Femmes violentées: une solution, vite !
Notre Premier ministre qui conteste les statistiques révélées par le HCP, la situation est d’un ridicule ! 60% de femmes violentées au Maroc, ce ne serait pas réaliste selon Benkirane… Le Premier ministre semble bien connaître les ménages marocains et ce, dans leur intimité. Il faudrait noter que la violence envers les femmes ne se limite certainement pas au sang qui coule à flot. La violence peut être physique (plus ou moins grave) ou morale. Le machisme par exemple, peut être considérée comme une violence envers les femmes et il faut l’avouer, nos Marocains ne sont pas les plus galants qui soient. La violence envers les petites bonnes dans les familles peut également être ajoutée au compteur. Et j’en passe des meilleures ! Ainsi, notre chef de gouvernement aurait peut-être dû attendre un peu avant de juger le travail du HCP. Personnellement, je ne sais pas trop ce que vaut ce pourcentage, seulement il est clair que ce sujet nécessite beaucoup plus de travail en profondeur sur la mentalité de nos concitoyens. Qu’il y ait 50, 30 ou même 10% de femmes violentées au Maroc, le chiffre est toujours énorme et il faut trouver une solution.
E. S.
Femmes battues : Chiffres impossibles
Difficile de calculer le nombre de femmes battues dans notre pays. Le pourcentage de 60% est épouvantable: il laisse pantois ! Je comprends que notre Premier ministre ait été choqué par ce chiffre! Mais pris individuellement, l’homme marocain est coléreux et violent.
Dans son enfance, il a souvent vu son père frapper sa mère -qu’il soit citadin ou originaire de la campagne!

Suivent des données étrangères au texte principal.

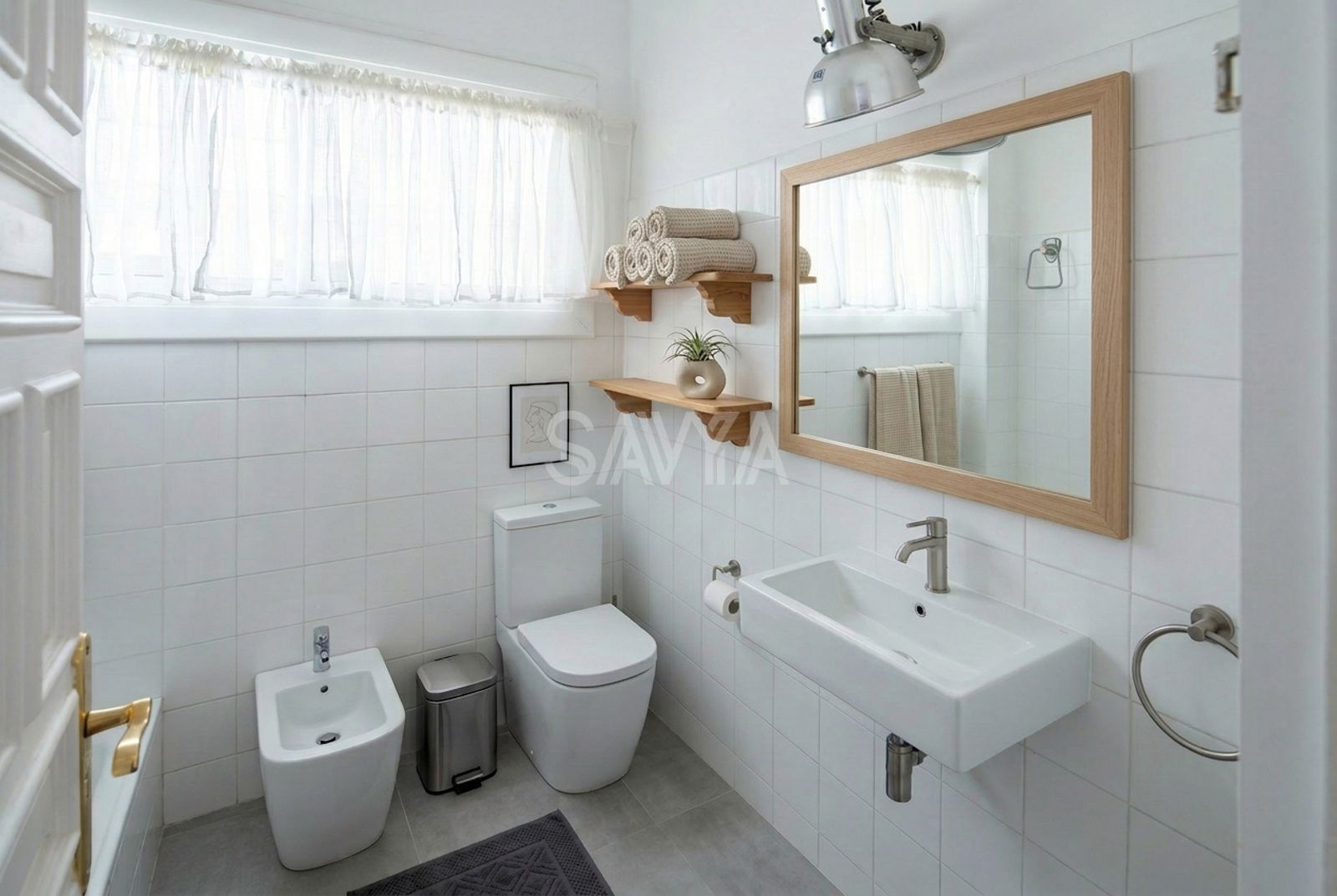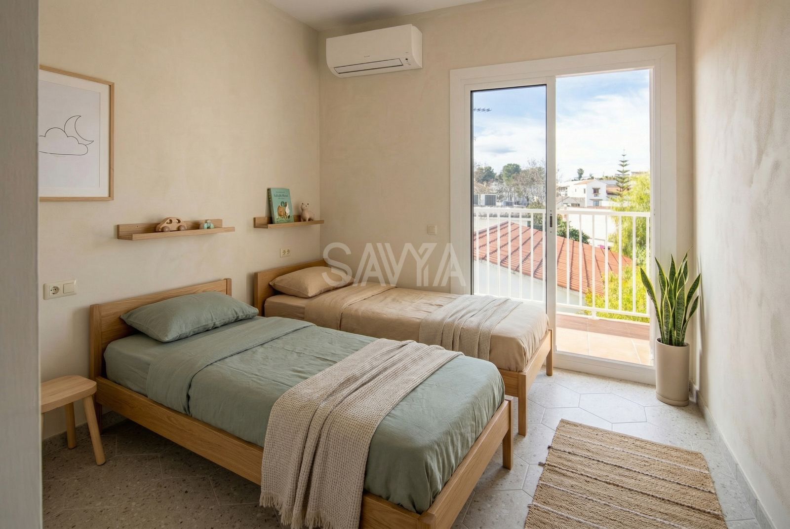 La zona de noche alberga tres dormitorios y tres baños (dos de ellos en suite con baño completo), optimizados para comodidad y privacidad. El dormitorio principal, en suite, ofrece un baño completo y un acceso directo a la terraza, mientras que uno de los dormitorios adicionales, también en suite, cuenta con acceso a la terraza y el tercero dispone de armarios empotrados. Los baños combinan funcionalidad y ventilación natural, contribuyendo a un ambiente fresco y práctico durante todo el año. El inmueble incluye calefacción por radiadores, aire acondicionado, y armarios empotrados, elementos que elevan el confort sin perder eficiencia.

Quand il  tabasse  sa femme, il reproduit ce qu’il a observé dans sa famille ! La manifestation qui eut lieu à Rabat devant le Parlement fut bénéfique : elle portera ses fruits dans l’opinion publique et dans la pratique- en attendant la loi qui condamnera sévèrement celui qui porte la main contre sa femme ! Aux femmes du Parlement d’agir rapidement -tant que ce sujet est dans le vent ! Qu’elles bougent ! La ministre de la famille suivra, c’est sûr!
D. D.

 

Mariage des mineures violées: L’article 475 est innocent !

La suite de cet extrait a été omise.